Task directions
Among the records below, find each line containing the word "Rolduc" and copy it.

Information provided
*** Block opens ***

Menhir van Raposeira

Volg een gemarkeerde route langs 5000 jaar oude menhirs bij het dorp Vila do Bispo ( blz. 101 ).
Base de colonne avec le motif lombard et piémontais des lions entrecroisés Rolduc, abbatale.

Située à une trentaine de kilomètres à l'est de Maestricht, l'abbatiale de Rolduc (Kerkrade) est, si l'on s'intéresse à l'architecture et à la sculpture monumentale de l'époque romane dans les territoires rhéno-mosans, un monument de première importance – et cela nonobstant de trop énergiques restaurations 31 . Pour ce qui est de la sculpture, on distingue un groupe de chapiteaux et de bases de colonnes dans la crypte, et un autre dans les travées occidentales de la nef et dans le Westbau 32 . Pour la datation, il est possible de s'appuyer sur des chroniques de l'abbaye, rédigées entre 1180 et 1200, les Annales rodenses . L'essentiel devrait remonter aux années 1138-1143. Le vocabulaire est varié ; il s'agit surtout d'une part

*** Block closes ***
*** Block opens ***

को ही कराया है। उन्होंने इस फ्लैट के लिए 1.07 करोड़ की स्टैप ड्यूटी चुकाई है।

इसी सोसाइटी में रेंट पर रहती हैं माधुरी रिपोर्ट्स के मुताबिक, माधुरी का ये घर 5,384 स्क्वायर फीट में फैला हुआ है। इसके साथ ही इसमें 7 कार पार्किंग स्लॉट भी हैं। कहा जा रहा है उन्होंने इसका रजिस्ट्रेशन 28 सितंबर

*** Block closes ***

Problem solution
Base de colonne avec le motif lombard et piémontais des lions entrecroisés Rolduc, abbatale.
Située à une trentaine de kilomètres à l'est de Maestricht, l'abbatiale de Rolduc (Kerkrade) est, si l'on s'intéresse à l'architecture et à la sculpture monumentale de l'époque romane dans les territoires rhéno-mosans, un monument de première importance – et cela nonobstant de trop énergiques restaurations 31 . Pour ce qui est de la sculpture, on distingue un groupe de chapiteaux et de bases de colonnes dans la crypte, et un autre dans les travées occidentales de la nef et dans le Westbau 32 . Pour la datation, il est possible de s'appuyer sur des chroniques de l'abbaye, rédigées entre 1180 et 1200, les Annales rodenses . L'essentiel devrait remonter aux années 1138-1143. Le vocabulaire est varié ; il s'agit surtout d'une part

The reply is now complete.